Se había quitado su propia capa y recostado la cabeza en el respaldar del sillón. Me quedé en mi lugar, observándolo perpleja. Era un hombre hermoso. Debajo de esa capa oscura, estaba elegantemente vestido, llevaba una camisa blanca adornada con bordados dorados y pateados y pantalones a juego; de su cuello colgaba un extraño medallón blanco. Llevaba el cabello bien acomodado en una pequeña cola y en su oreja derecha tenía un arete que centelleaba en la oscuridad de la sala.
-Si no quieres sentarte no lo hagas-dijo, antes de cerrar los ojos-Lamento no haberme encargado de ti antes.
-¿Estaba enfermo, no es verdad?-pregunté-Gracias por buscarme.
El hombre de negro se encogió de hombros.
-No le des vueltas a ese asunto, no es algo que deba preocuparte-dijo-Lo que debe importarnos ahora es cómo llegaste hasta aquí.
-Bueno, había una zanja.
Una huida y una zanja me trajeron aquí. La casa de mi familia estaba construida a las afueras de un bosque, era una propiedad rural que me encantaba. Cuando era niña, mi madre me tomaba de la mano y me llevaba a explorar los límites de nuestro hogar y el bosque, nunca nos adentrábamos mucho, pero era divertido buscar flores mientras ella contaba historias. Me hablaba de criaturas escondidas en la naturaleza y flores con la capacidad de curar cualquier enfermedad. Por la noche después de nuestras caminatas, yo soñaba con hadas y ninfas de lagunas.
A mis tíos no les gustaba que me acercara al bosque, me lo prohibieron después de la muerte de mis padres. Decían que era peligroso pero yo suponía que en realidad no querían perderme de vista. Me necesitaban con ellos, después de todo. Yo había cumplido sus órdenes porque, pese a los cuentos de mi madre, sabía que perderme en el bosque podría ser peor que vivir con mi familia. Sin embargo, ese día yo solo quería salir de la maldita casa, mi casa amada que en todos esos años se habían esmerado en destrozar.

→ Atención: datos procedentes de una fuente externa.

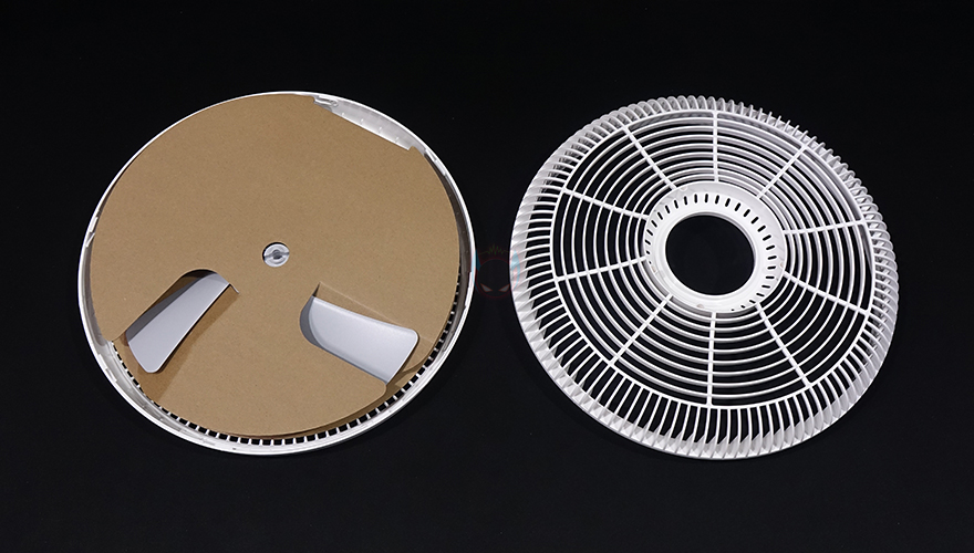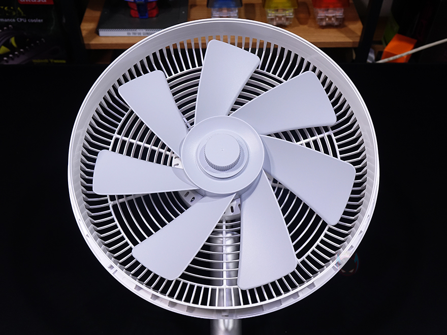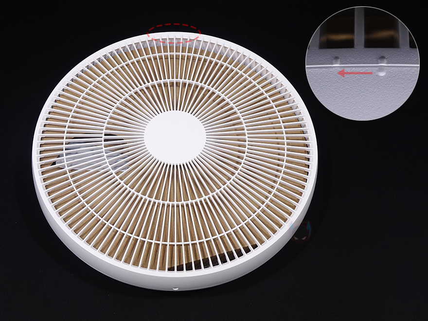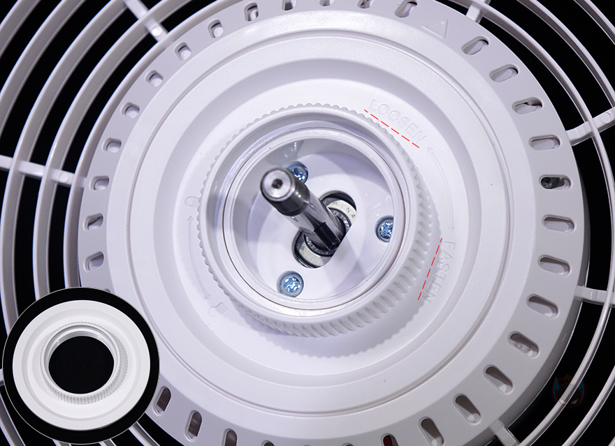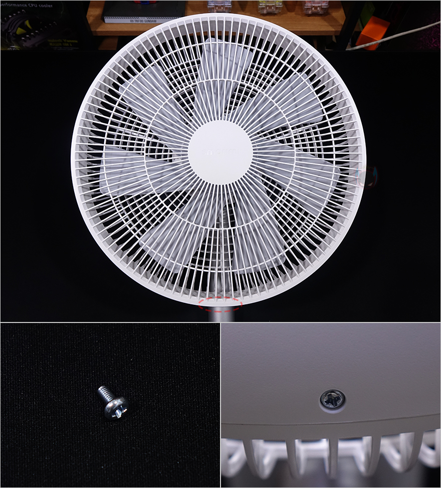 이제 팬 커버 내부에 팬 날개를 장착해줘야하는데, 일단 커버 윗부분에 표시된 분리향으로 커버를 돌리면 쉽게 앞뒤가 분해가 됩니다. 그러면, 내부에 장착되지 않은 팬 날개의 포장 종이까지 벗기면 총 3개 구성인데, 먼저 팬 커버의 뒷면을 모터 방향에 맞춰서 끼운 후, 팬 커버 고정 노브로 체결해 줍니다. 그리고, 팬 날개를 역시 모터 회전축과 홈에 맞춰서 끼운 후, 팬 날개 고정 노브로 체결해 주고, 최종적으로 팬 커버 앞면을 다시 끼운 후, 커버 아래쪽에 고정 나사로 잠그면 모든 조립이 마무리됩니다. 일반적인 선풍기 조립과 다르지 않아서 큰 어려움은 없습니다.

Dejé a mi tía gritando desde la cocina, tomé mi mochila y salí corriendo. El bosque parecía llamarme, de repente parecía el único lugar seguro para mí. Recorrí el camino por el que tantas veces había pasado junto a mamá y seguí de largo, ni siquiera me di cuenta de que me había desorientado, solo podía pensar en mi huida perfecta. Hasta que caí. Pisé en falso y no me dio tiempo de gritar, yo estaba cayendo al interior de una estrecha zanja. Cuando golpeé el suelo de nuevo estaba ahí, en una habitación oscura y rodeada de tres aterradoras criaturas.